This other vender had the balls to actually follow us down the shore several hundred feet then climb in the boat after us trying to sell her fruit while using the same line as the other vendor – a nice raspy “hellllllo.” Here’s Tim Osh using his “for free?” line to irritate the woman into leaving us alone.
Other boats chugging along
Entrance to the city wall of Xi’an – one of the best preserved city walls in China
Sweaty fat fuck painted on the wall near the entrance
The current city wall in Xi’an was started in 1370 by the Ming Dynasty, is 39ft. tall, 8.5mi. in circumference and somewhere between 49 and 59ft. thick at the base. It took me about four hours to walk around the whole thing though there are bikes for rent if you’d prefer to pedal.
A side look to highlight the magnitude of this structure.
One of the sights from atop the city wall.
Interesting juxtaposition between old and new China.
New skyscrapers and apartment complexes tower over the wall that is over 600 years their senior.
One of the many flags incrementally placed around the top of the city wall.
Xi’an Bell Tower in the exact center of the city with a roundabout encircling it.
Muslim Quarter in Xi’an
A herd of living-impaired animals hung out to dry at a butcher shop in the Muslim Quarter
“Refreshing Black Funguses” from a KFC near the Muslim Quarter. Never seen the words “refreshing” and “funguses” in the same sentence before. Come to think of it, don’t think I’ve ever even seen the word “funguses” before.

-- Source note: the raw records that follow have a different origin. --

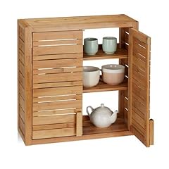 Relaxdays Wandschrank aus Bambus, 2 Türen, höhenverstellbare Einlegeböden, Quadrat Hängeschrank, HBT 56,5x56x21cm, Natur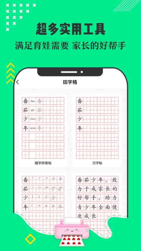 番茄少年App,父母養育孩子的好助手,打印大量學習材料,父母的好助手,孩子成長的好伴侶。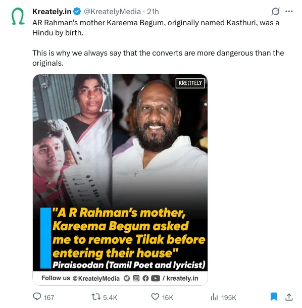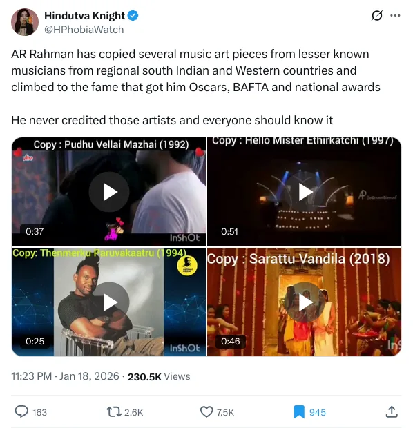 On January 18, Hindutva Knight shared a post accusing AR Rahman of allegedly plagiarising music tracks. The post alleged that the Indian musical composer and record producer copied music tracks from “lesser-known” regional musicians from South India and Western countries.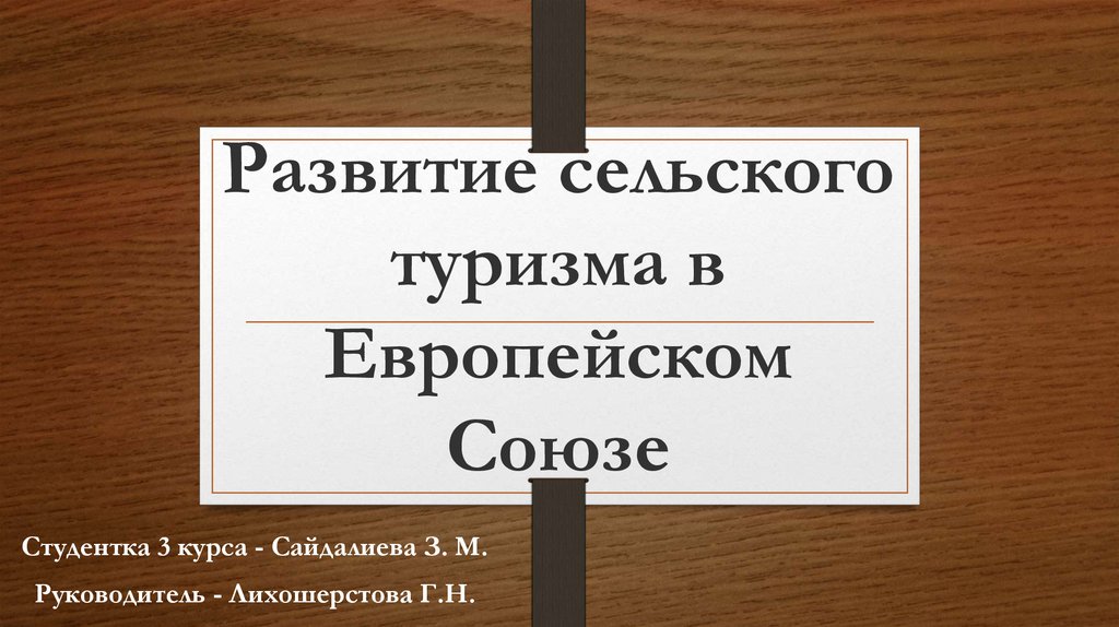 1. Развитие сельского туризма в Европейском Союзе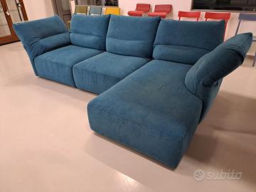 Composizione divano lung. 326 prof. 162 ( penisola) in tessuto sfoderabile blu ontano antimacchia, con schienali e braccioli reclinabili , escluso trasporto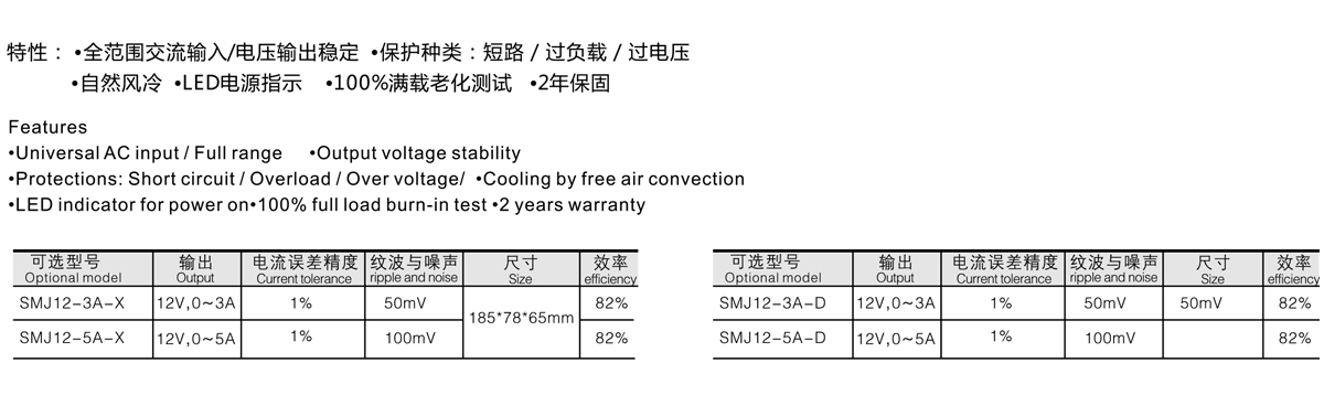 全范圍交流輸入/電壓輸出穩(wěn)定 有短路、過載、過熱保護(hù) 自然風(fēng)冷散熱 LED電源指示 100%滿負(fù)荷燒機(jī)測試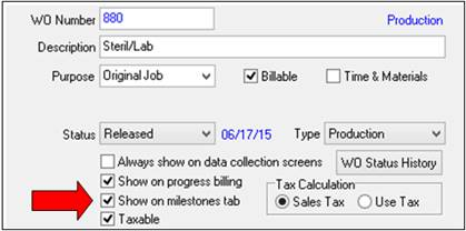 If you track milestones at the work order level, and not all work orders need to be tracked, you can exclude one or more work orders from the milestone grid. This is done on the Work Order Details screen. There's a checkbox called "Show on milestones tab". If you track milestones for the work order, make sure the check box is checked. Else, leave it blank.

Chinese Muslim man wearing a ‘taqiyah’ atop his noggin.
The Grand Mosque – the first mosque built in China
Courtyard inside The Grand Mosque
This is what the Arc de Triomphe would look like if it were in boner mode.
A casual taqiyah SUCK IT at The Grand Mosque
Path and gate between courtyards flanked by well-kempt shrubbery
“SADDAM HUSAYN AL-TIKRITI, President” Pack of playing cards on sale right outside The Grand Mosque at a souvenir stand.
Awesome architecture near the south gate of the city wall.
Statue of Han Yu, the famous litterateur of the Tang Dynasty, at the Big Goose Pagoda.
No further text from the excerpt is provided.